MATERIAL PROVIDED:
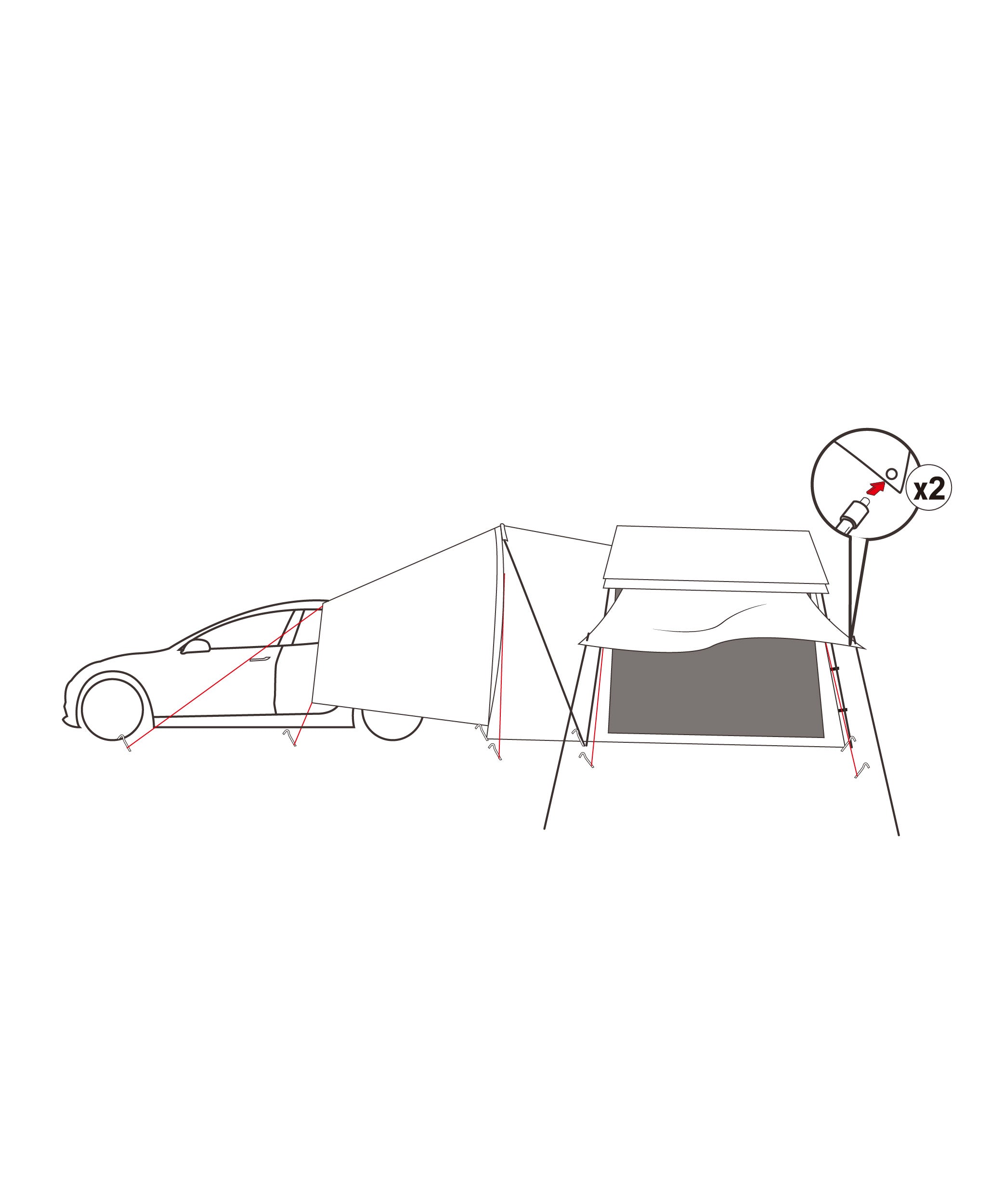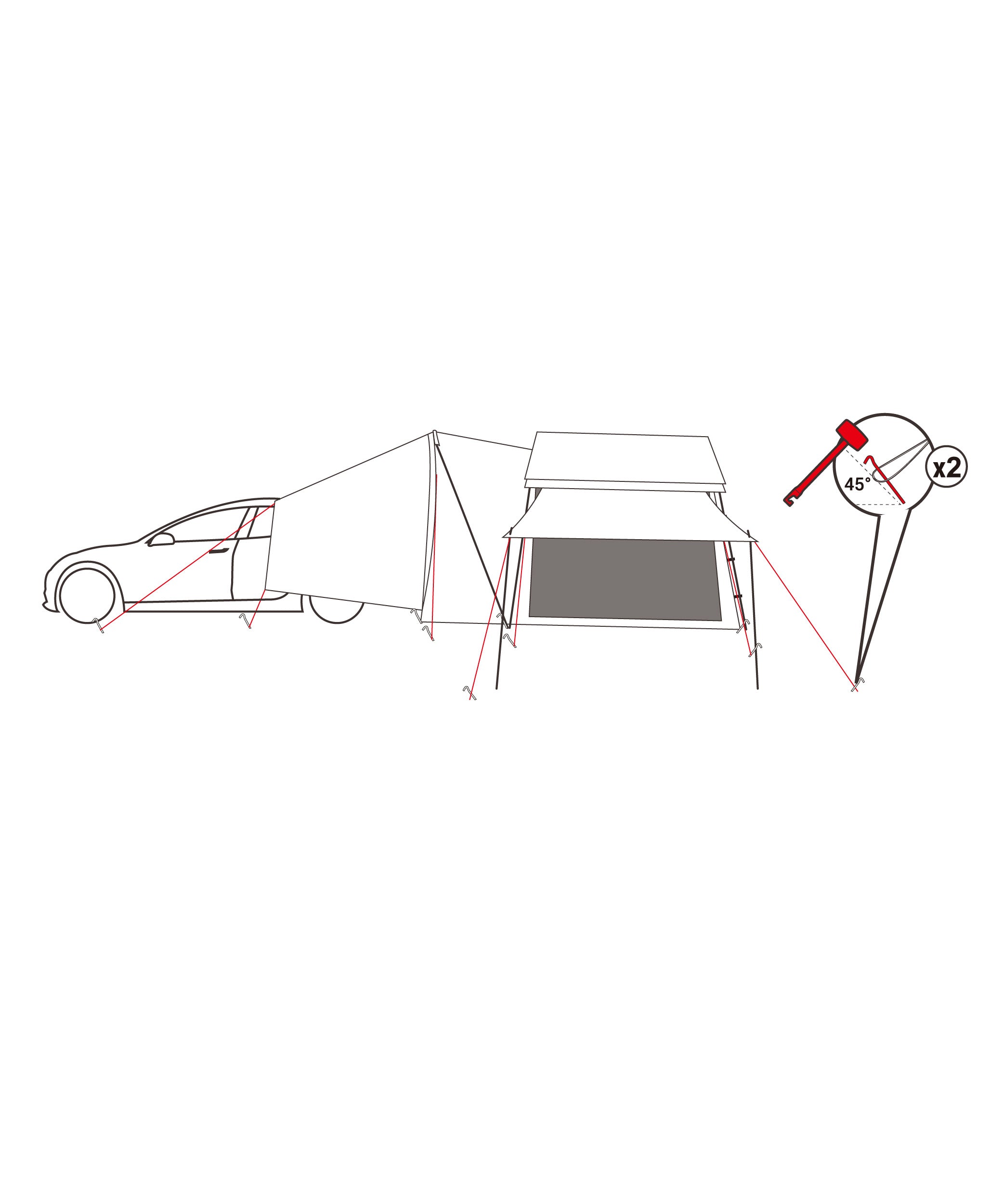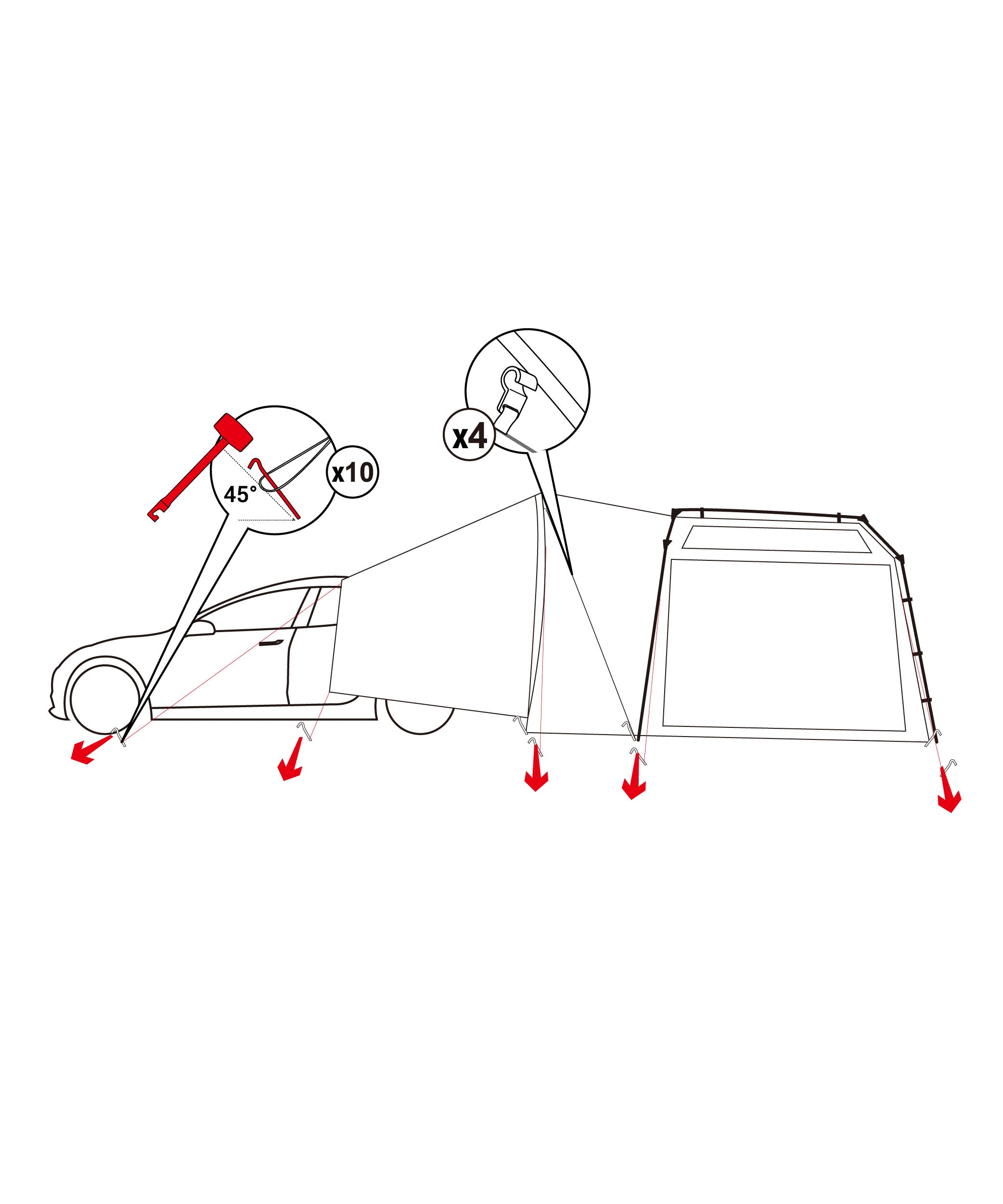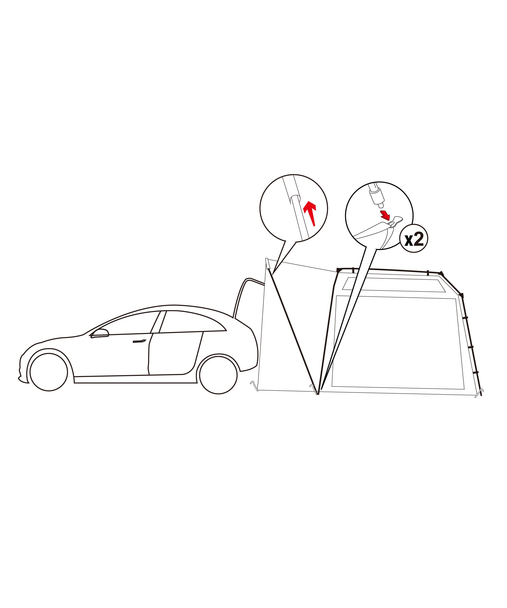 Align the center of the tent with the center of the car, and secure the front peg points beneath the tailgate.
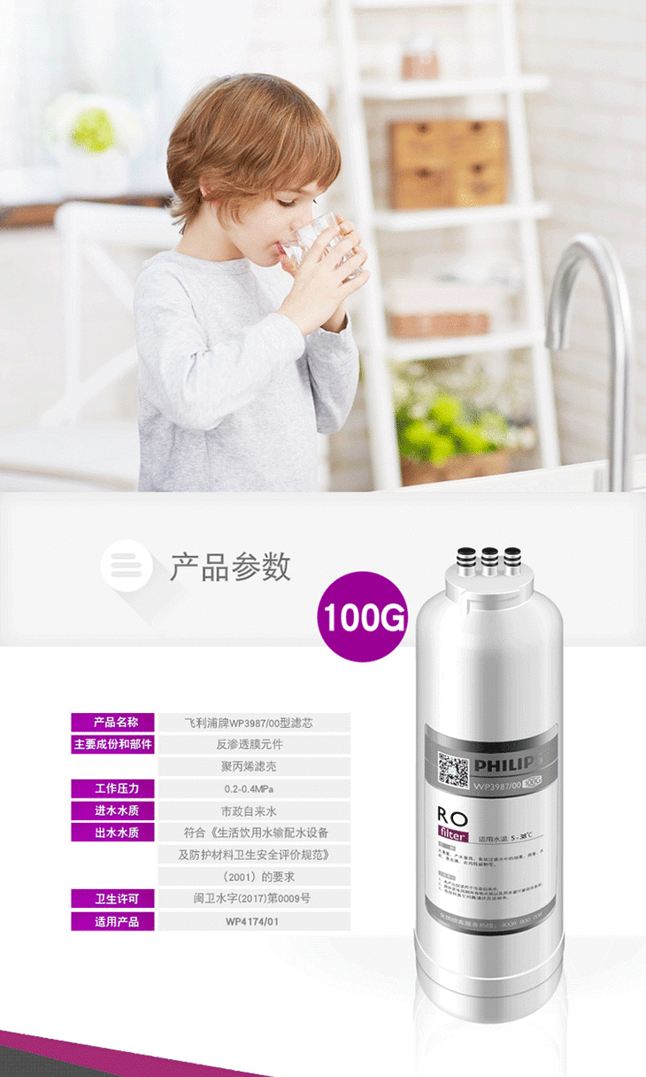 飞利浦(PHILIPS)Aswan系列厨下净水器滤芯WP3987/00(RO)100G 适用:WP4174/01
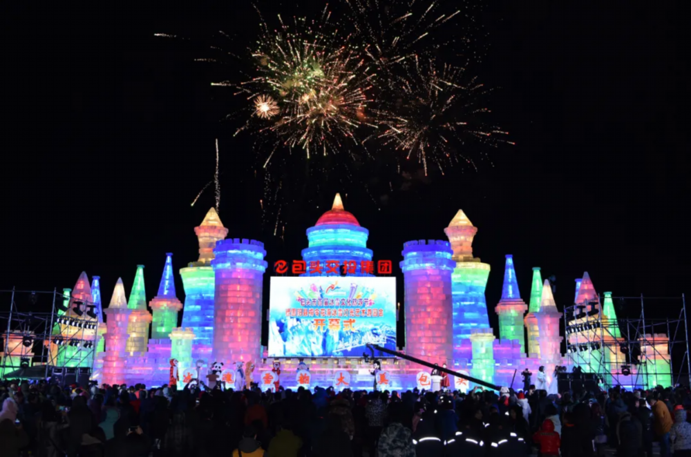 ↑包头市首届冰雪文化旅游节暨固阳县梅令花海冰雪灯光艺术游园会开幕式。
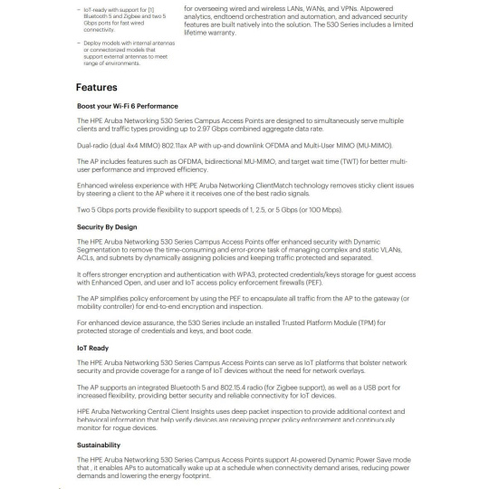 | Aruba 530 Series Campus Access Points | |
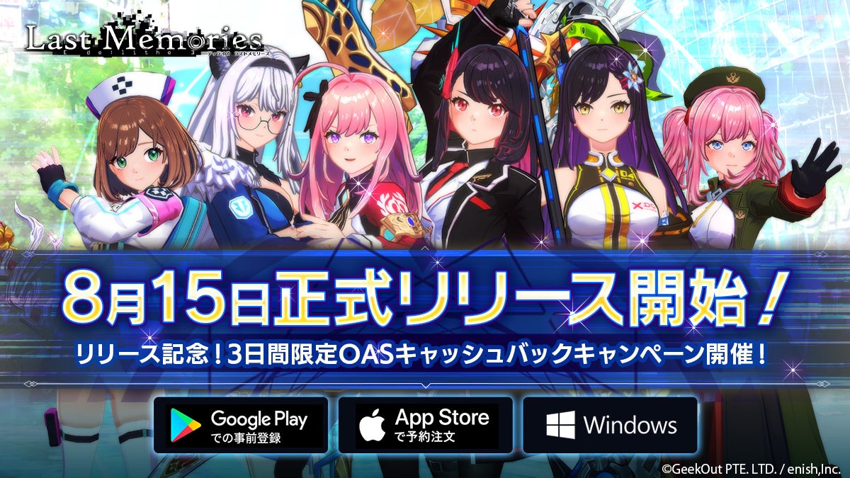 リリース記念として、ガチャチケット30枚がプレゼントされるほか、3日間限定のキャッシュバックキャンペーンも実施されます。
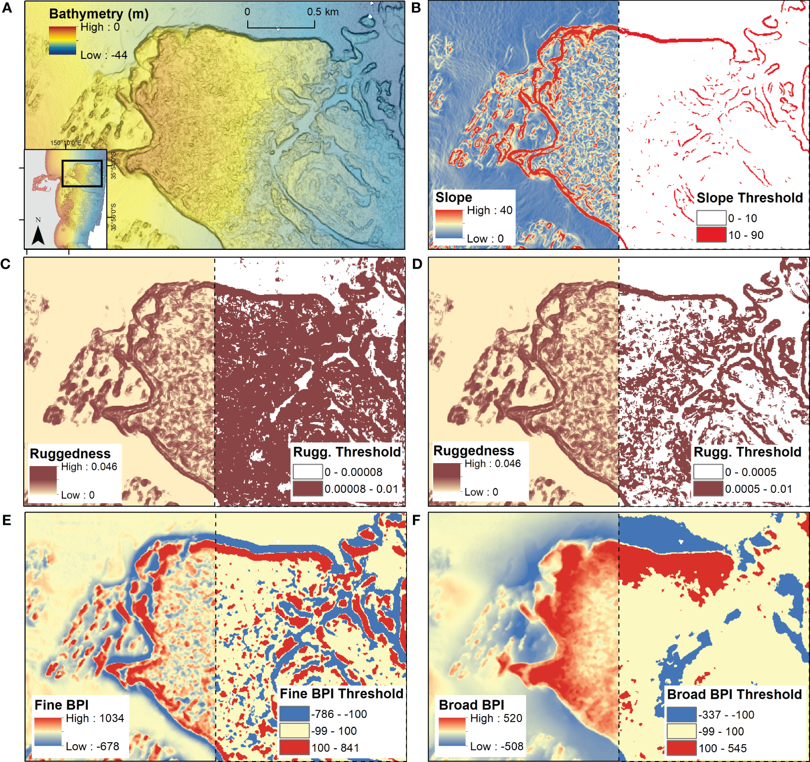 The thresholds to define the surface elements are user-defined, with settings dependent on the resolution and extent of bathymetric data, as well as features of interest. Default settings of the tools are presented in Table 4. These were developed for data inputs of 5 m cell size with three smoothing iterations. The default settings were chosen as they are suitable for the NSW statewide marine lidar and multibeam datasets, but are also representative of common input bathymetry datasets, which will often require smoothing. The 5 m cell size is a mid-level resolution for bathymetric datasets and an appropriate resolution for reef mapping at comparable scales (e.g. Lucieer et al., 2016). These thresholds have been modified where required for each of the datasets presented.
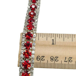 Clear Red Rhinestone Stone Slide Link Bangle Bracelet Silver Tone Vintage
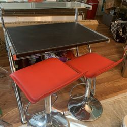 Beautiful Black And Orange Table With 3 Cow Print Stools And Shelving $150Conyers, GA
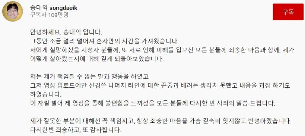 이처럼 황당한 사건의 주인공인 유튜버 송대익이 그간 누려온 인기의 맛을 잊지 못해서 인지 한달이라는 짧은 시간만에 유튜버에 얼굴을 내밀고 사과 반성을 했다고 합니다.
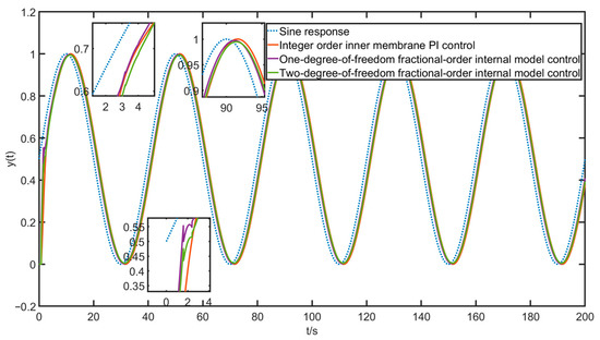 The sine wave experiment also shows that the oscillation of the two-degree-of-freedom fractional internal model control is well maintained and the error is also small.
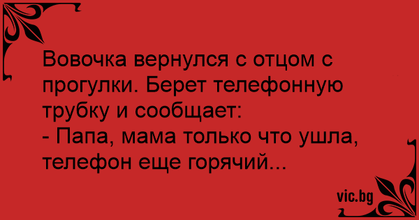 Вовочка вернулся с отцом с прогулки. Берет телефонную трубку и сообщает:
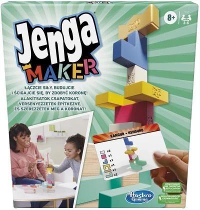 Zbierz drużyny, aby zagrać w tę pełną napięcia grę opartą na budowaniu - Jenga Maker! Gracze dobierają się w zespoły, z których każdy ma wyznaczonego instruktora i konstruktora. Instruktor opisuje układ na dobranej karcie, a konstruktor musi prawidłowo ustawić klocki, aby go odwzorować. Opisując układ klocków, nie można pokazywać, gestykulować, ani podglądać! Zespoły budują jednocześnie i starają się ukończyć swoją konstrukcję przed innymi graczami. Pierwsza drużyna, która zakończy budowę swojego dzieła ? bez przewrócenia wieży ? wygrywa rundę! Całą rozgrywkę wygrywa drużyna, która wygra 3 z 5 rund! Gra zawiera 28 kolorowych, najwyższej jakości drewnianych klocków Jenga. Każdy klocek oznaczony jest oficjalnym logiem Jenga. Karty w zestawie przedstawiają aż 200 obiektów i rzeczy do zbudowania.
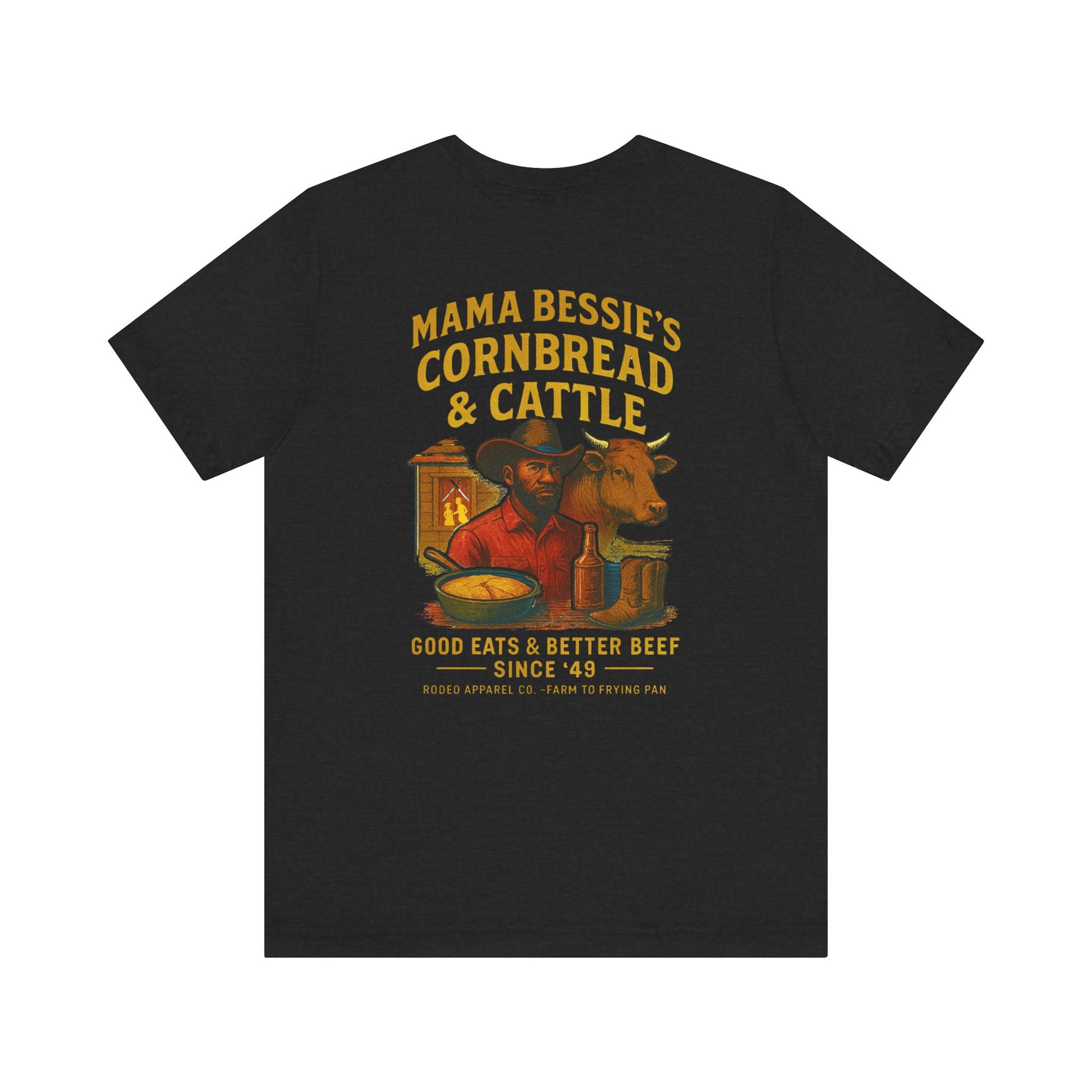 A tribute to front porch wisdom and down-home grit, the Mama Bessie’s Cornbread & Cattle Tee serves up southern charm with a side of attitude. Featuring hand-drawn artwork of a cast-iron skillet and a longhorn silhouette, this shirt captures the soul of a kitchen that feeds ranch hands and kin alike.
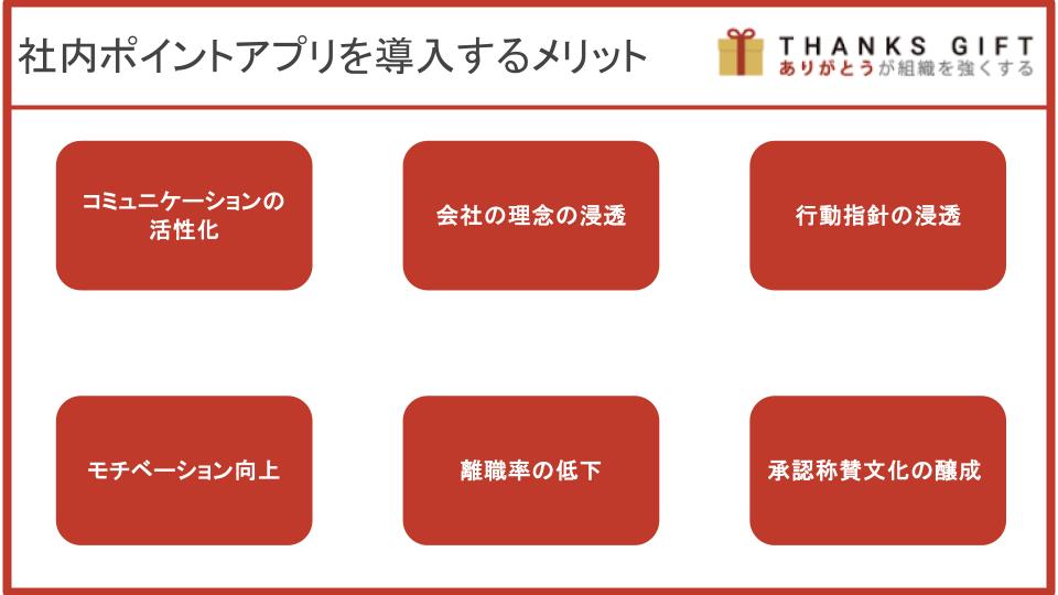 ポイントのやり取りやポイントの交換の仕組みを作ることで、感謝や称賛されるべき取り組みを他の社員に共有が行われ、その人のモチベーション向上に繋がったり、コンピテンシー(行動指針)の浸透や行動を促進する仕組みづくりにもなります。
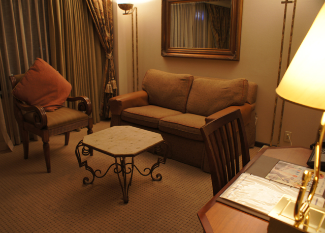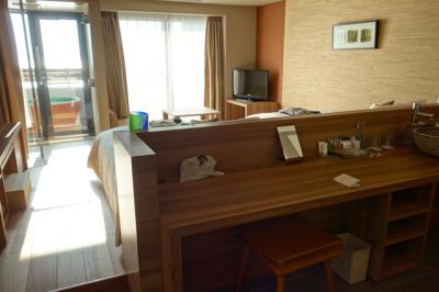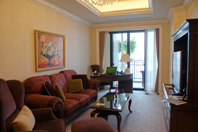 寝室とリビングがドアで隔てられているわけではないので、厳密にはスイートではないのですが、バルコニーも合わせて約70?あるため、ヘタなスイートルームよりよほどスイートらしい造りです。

EXERCISE GOAL: Give the listing above again in its entirety, exactly as written and free of images.

OUTPUT OF THE TASK:
 Align the center of the tent with the center of the car, and secure the front peg points beneath the tailgate.
 飞利浦(PHILIPS)Aswan系列厨下净水器滤芯WP3987/00(RO)100G 适用:WP4174/01
 ↑包头市首届冰雪文化旅游节暨固阳县梅令花海冰雪灯光艺术游园会开幕式。
 | Aruba 530 Series Campus Access Points | |
 リリース記念として、ガチャチケット30枚がプレゼントされるほか、3日間限定のキャッシュバックキャンペーンも実施されます。
 The thresholds to define the surface elements are user-defined, with settings dependent on the resolution and extent of bathymetric data, as well as features of interest. Default settings of the tools are presented in Table 4. These were developed for data inputs of 5 m cell size with three smoothing iterations. The default settings were chosen as they are suitable for the NSW statewide marine lidar and multibeam datasets, but are also representative of common input bathymetry datasets, which will often require smoothing. The 5 m cell size is a mid-level resolution for bathymetric datasets and an appropriate resolution for reef mapping at comparable scales (e.g. Lucieer et al., 2016). These thresholds have been modified where required for each of the datasets presented.
 Clear Red Rhinestone Stone Slide Link Bangle Bracelet Silver Tone Vintage
 Beautiful Black And Orange Table With 3 Cow Print Stools And Shelving $150Conyers, GA
 이처럼 황당한 사건의 주인공인 유튜버 송대익이 그간 누려온 인기의 맛을 잊지 못해서 인지 한달이라는 짧은 시간만에 유튜버에 얼굴을 내밀고 사과 반성을 했다고 합니다.
 The sine wave experiment also shows that the oscillation of the two-degree-of-freedom fractional internal model control is well maintained and the error is also small.
 Вовочка вернулся с отцом с прогулки. Берет телефонную трубку и сообщает:
 Zbierz drużyny, aby zagrać w tę pełną napięcia grę opartą na budowaniu - Jenga Maker! Gracze dobierają się w zespoły, z których każdy ma wyznaczonego instruktora i konstruktora. Instruktor opisuje układ na dobranej karcie, a konstruktor musi prawidłowo ustawić klocki, aby go odwzorować. Opisując układ klocków, nie można pokazywać, gestykulować, ani podglądać! Zespoły budują jednocześnie i starają się ukończyć swoją konstrukcję przed innymi graczami. Pierwsza drużyna, która zakończy budowę swojego dzieła ? bez przewrócenia wieży ? wygrywa rundę! Całą rozgrywkę wygrywa drużyna, która wygra 3 z 5 rund! Gra zawiera 28 kolorowych, najwyższej jakości drewnianych klocków Jenga. Każdy klocek oznaczony jest oficjalnym logiem Jenga. Karty w zestawie przedstawiają aż 200 obiektów i rzeczy do zbudowania.
 A tribute to front porch wisdom and down-home grit, the Mama Bessie’s Cornbread & Cattle Tee serves up southern charm with a side of attitude. Featuring hand-drawn artwork of a cast-iron skillet and a longhorn silhouette, this shirt captures the soul of a kitchen that feeds ranch hands and kin alike.
 ポイントのやり取りやポイントの交換の仕組みを作ることで、感謝や称賛されるべき取り組みを他の社員に共有が行われ、その人のモチベーション向上に繋がったり、コンピテンシー(行動指針)の浸透や行動を促進する仕組みづくりにもなります。
 寝室とリビングがドアで隔てられているわけではないので、厳密にはスイートではないのですが、バルコニーも合わせて約70?あるため、ヘタなスイートルームよりよほどスイートらしい造りです。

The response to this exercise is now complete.